Requirement — If a line holds an image, leave the image out; write out everything else in the records exactly.

Data records —
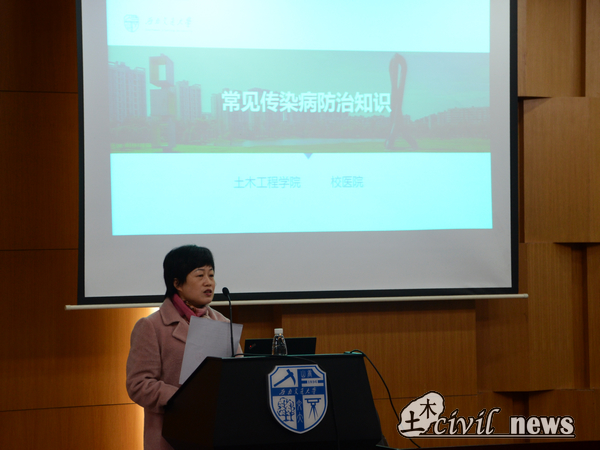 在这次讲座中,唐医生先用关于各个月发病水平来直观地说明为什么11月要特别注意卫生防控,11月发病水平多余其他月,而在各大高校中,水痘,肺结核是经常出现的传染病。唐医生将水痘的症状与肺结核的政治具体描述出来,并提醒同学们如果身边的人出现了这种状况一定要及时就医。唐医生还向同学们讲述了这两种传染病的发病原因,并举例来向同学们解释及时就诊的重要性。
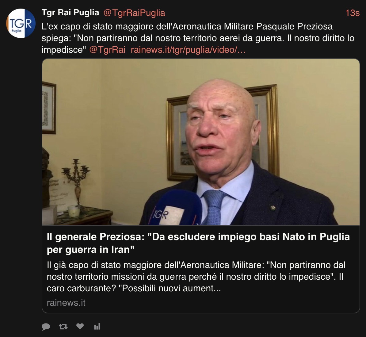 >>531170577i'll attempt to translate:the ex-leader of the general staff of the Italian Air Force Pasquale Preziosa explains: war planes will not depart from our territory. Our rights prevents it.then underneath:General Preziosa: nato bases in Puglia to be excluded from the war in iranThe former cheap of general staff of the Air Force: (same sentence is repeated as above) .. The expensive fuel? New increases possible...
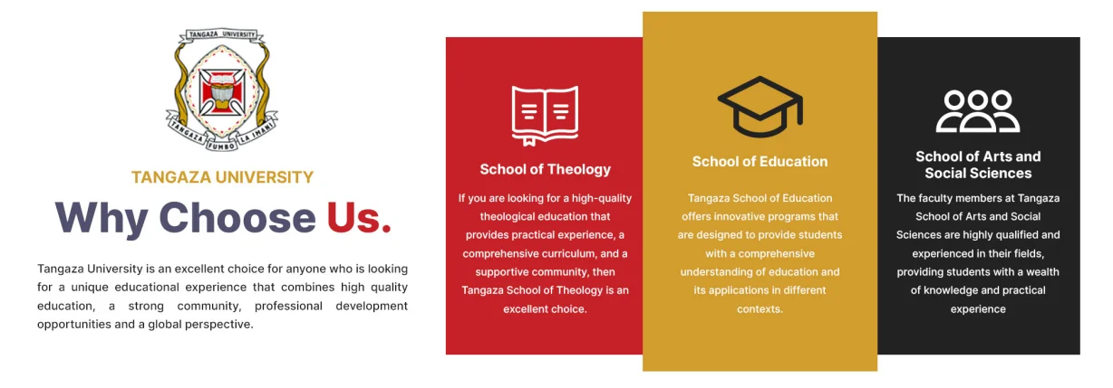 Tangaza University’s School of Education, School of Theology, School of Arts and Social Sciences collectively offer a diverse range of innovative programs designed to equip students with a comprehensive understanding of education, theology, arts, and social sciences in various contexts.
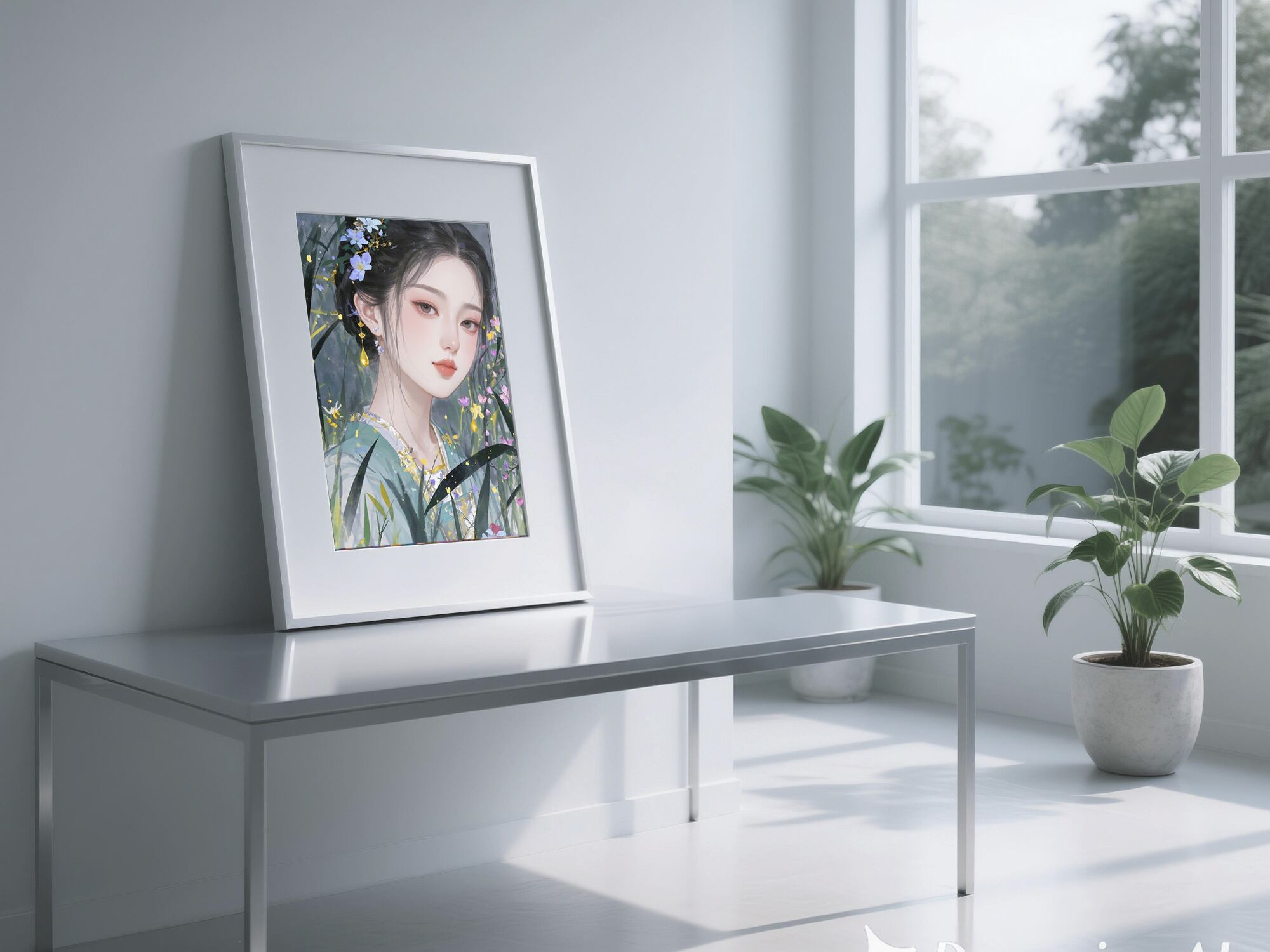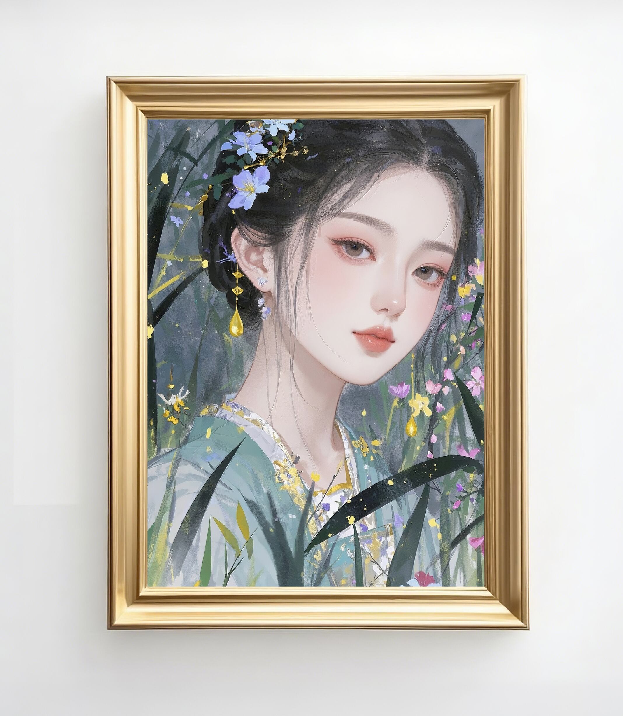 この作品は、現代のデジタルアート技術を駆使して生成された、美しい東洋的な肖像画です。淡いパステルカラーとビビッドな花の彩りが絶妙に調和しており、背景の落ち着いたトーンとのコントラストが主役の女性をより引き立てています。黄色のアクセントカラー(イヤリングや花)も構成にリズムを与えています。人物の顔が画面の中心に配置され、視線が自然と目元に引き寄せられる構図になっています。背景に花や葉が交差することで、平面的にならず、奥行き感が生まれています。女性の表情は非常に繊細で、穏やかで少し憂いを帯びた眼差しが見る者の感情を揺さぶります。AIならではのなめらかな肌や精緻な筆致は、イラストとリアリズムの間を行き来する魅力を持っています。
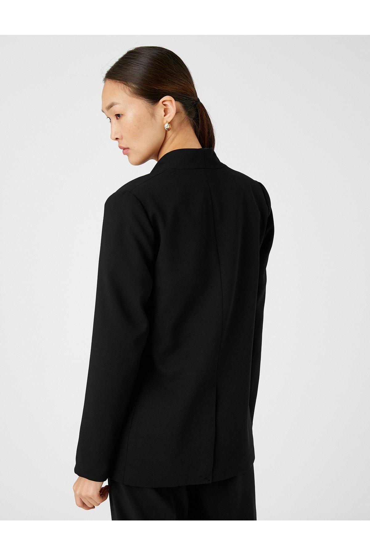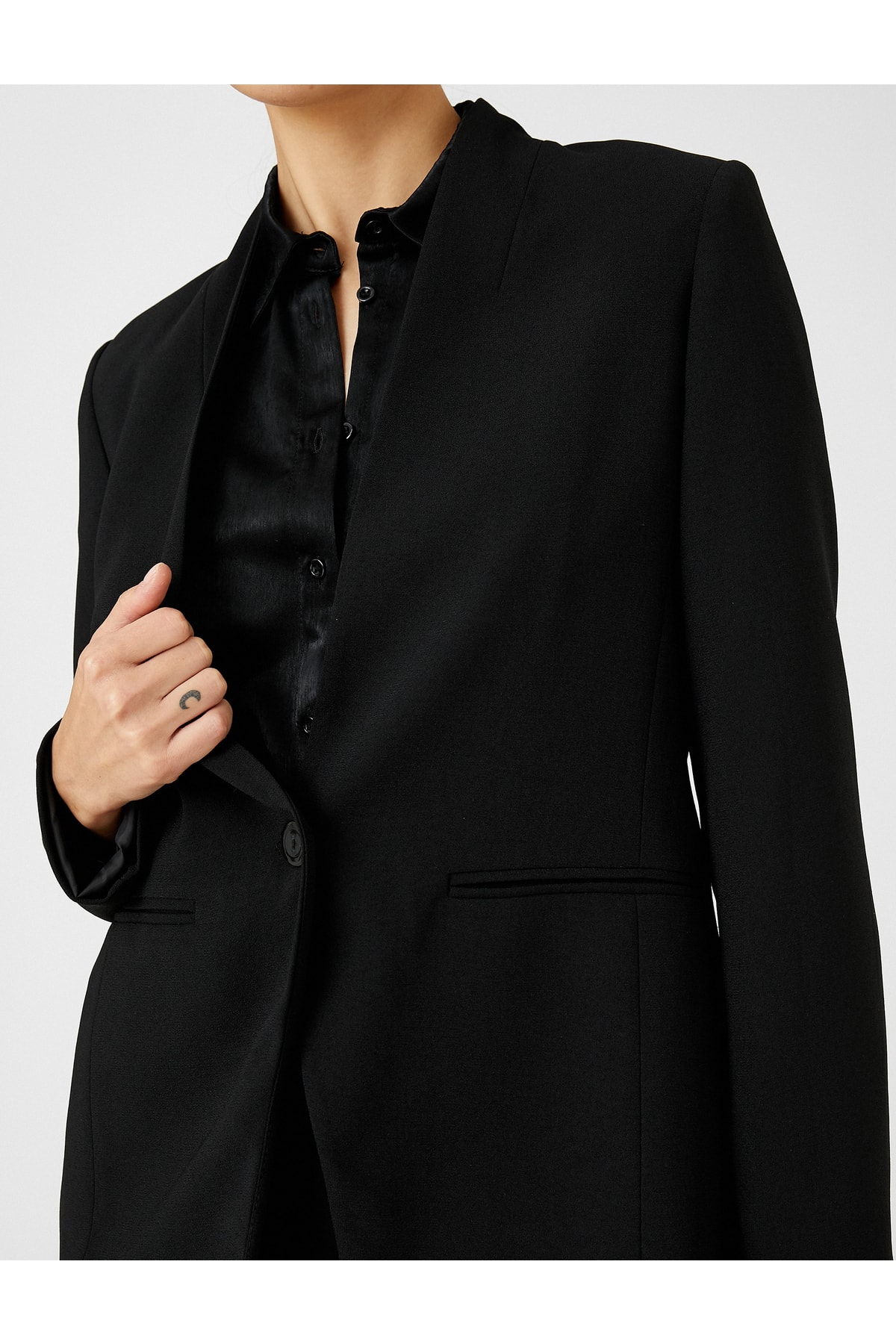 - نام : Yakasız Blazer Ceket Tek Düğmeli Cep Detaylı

Exercise result —
 在这次讲座中,唐医生先用关于各个月发病水平来直观地说明为什么11月要特别注意卫生防控,11月发病水平多余其他月,而在各大高校中,水痘,肺结核是经常出现的传染病。唐医生将水痘的症状与肺结核的政治具体描述出来,并提醒同学们如果身边的人出现了这种状况一定要及时就医。唐医生还向同学们讲述了这两种传染病的发病原因,并举例来向同学们解释及时就诊的重要性。
 >>531170577i'll attempt to translate:the ex-leader of the general staff of the Italian Air Force Pasquale Preziosa explains: war planes will not depart from our territory. Our rights prevents it.then underneath:General Preziosa: nato bases in Puglia to be excluded from the war in iranThe former cheap of general staff of the Air Force: (same sentence is repeated as above) .. The expensive fuel? New increases possible...
 Tangaza University’s School of Education, School of Theology, School of Arts and Social Sciences collectively offer a diverse range of innovative programs designed to equip students with a comprehensive understanding of education, theology, arts, and social sciences in various contexts.
 この作品は、現代のデジタルアート技術を駆使して生成された、美しい東洋的な肖像画です。淡いパステルカラーとビビッドな花の彩りが絶妙に調和しており、背景の落ち着いたトーンとのコントラストが主役の女性をより引き立てています。黄色のアクセントカラー(イヤリングや花)も構成にリズムを与えています。人物の顔が画面の中心に配置され、視線が自然と目元に引き寄せられる構図になっています。背景に花や葉が交差することで、平面的にならず、奥行き感が生まれています。女性の表情は非常に繊細で、穏やかで少し憂いを帯びた眼差しが見る者の感情を揺さぶります。AIならではのなめらかな肌や精緻な筆致は、イラストとリアリズムの間を行き来する魅力を持っています。
 - نام : Yakasız Blazer Ceket Tek Düğmeli Cep Detaylı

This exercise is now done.